Ahora Usted tiene 18 años de edad y por lo tanto es adulta, razonó. Y agregó, más como exhortación que como receta: "la edad adulta es la superación de la queja y la realización de aquello que hace a una personalidad. Atender a los deseos. Entender las frustraciones. Preguntar por qué y no aceptar cualquier respuesta tontamente. Lo que realmente importa es la determinación, la firmeza y la calma para afirmarse. "Y -ordenó con severidad- cuando llegue la siguiente escena de beso en el cine, ¡Usted se queda sentada! Se lo digo claramente: ¡Se queda sentada!" Pausa. Ojos profundos sobre ella y finalmente: "¡Piense en mí!" 

Margarethe ha pensado en Freud toda una vida. Ha regalado muchos de sus libros, pero nunca leyó ninguno. Su mirada, en cambio, la siente sobre ella "hasta este segundo ahora". El "me despertó, me abrió y me dejó ser. Me dio el impulso decisivo y la libertad de tomar cualquier rumbo. No más sin voluntad, no más una niña, mucho menos una cosa, sino adulta, independiente, responsable y un yo. He seguido, incansable, lo que él me enseñó. Y esa fuente de alimento para mi alma no se ha secado en más de 70 años. "Margarethe Walter se levanta. Es una anciana con moño blanco como la nieve y apenas un metro 53 de altura, pero su fuerza llena toda la habitación.

"Freud es la clave de mi vida", dice de manera casi de manera casual en su antiguo gabinete mientras posa su mano en el respaldo de su silla. "Él sabía que con 45 minutos alcanzaba para mi vida." Da la vuelta y va al guardarropas. Por supuesto, Margarethe devino escultora. El mismo día del llamado a filas de su marido, un tipo del calibre de su padre con quien se casó tempranamente para huir de la casa paterna, ella solicitó la incorporación a la Academia de Arte de Viena y fue aceptada inmediatamente. Dos años más tarde casi le da un patatús en el taller de su maestro. El busto que modelaba el profesor era el de Sigmund Freud. El shock de reconocerlo le dejó clarísimo "quién me salvó la vida". Margarethe Walter sigue trabajando hasta hoy en su profesión. Recién ha terminado un relieve de la escritora Bertha von Suttner encargado por el movimiento por la paz de Viena. Y sin embargo el "arte sólo fue el segundo violín en mi vida", se lamenta, ya que "finalmente tuve que criar a dos hijas bajo la influencia del 1968 – un trago difícil". Toda una vida en Viena ¿y jamás volvió a esta famosa dirección? Asombrada, levanta las cejas: "¿Para qué lo haría? Nunca sentí la necesidad de ver los sillones o las estatuitas del lugar en el que lo vi vivo y donde dos veces me dio la mano".

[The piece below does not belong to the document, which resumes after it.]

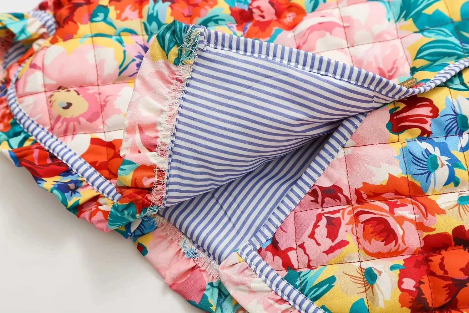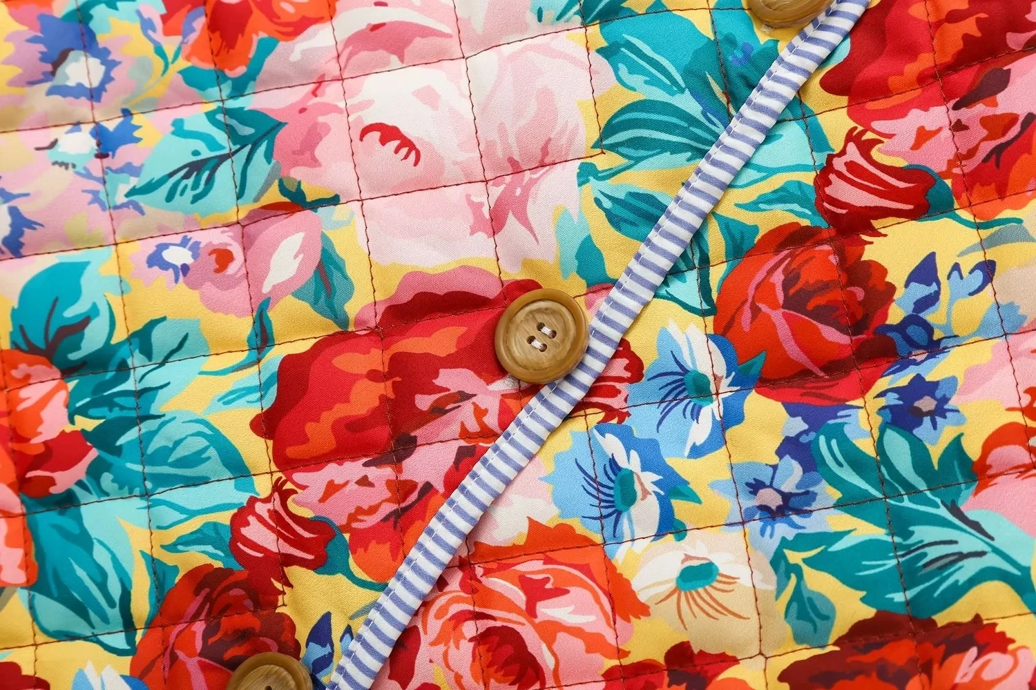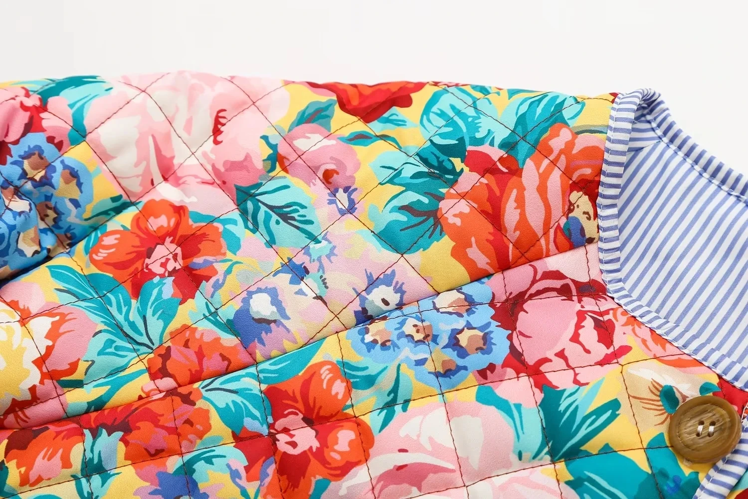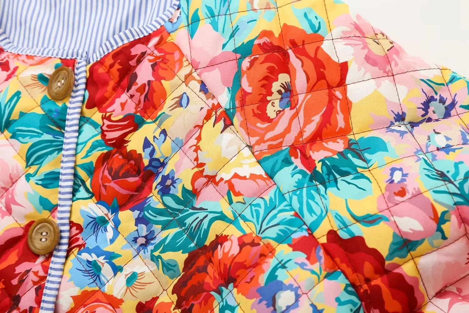 Moda Femenina Otoño/Invierno Chaqueta Acolchada con Rayas y Estampado de Retazos Cuello Redondo Manga Larga Abrigo Mujer Estilo Vintage

Poco después de la visita salvadora, Margarethe Walter fue con su padre al cine Admiral de Viena. Cuando Lilian Hervey en un vestido rococó de escote profundo fue besada en su hombro desnudo por Conrad Veith, el jefe de la familia anunció como de costumbre "esto no es para ti". No se llamaba acaso la película El amor de la princesa? La orden habitual fue repetida: "¡Nos paramos y vamos!" Margarethe se aferró con los diez dedos en el posabrazos y hundió la cola en la butaca. "¡No! –dijo- yo me quedo". Y se quedó sentada.
El padre la esperó en el vestíbulo y "¡jamás dijo una sola palabra!"
Si la escena del beso terminó, dónde o cómo, Margarethe Walter en el sudor de su resistencia, nunca llegó a ver.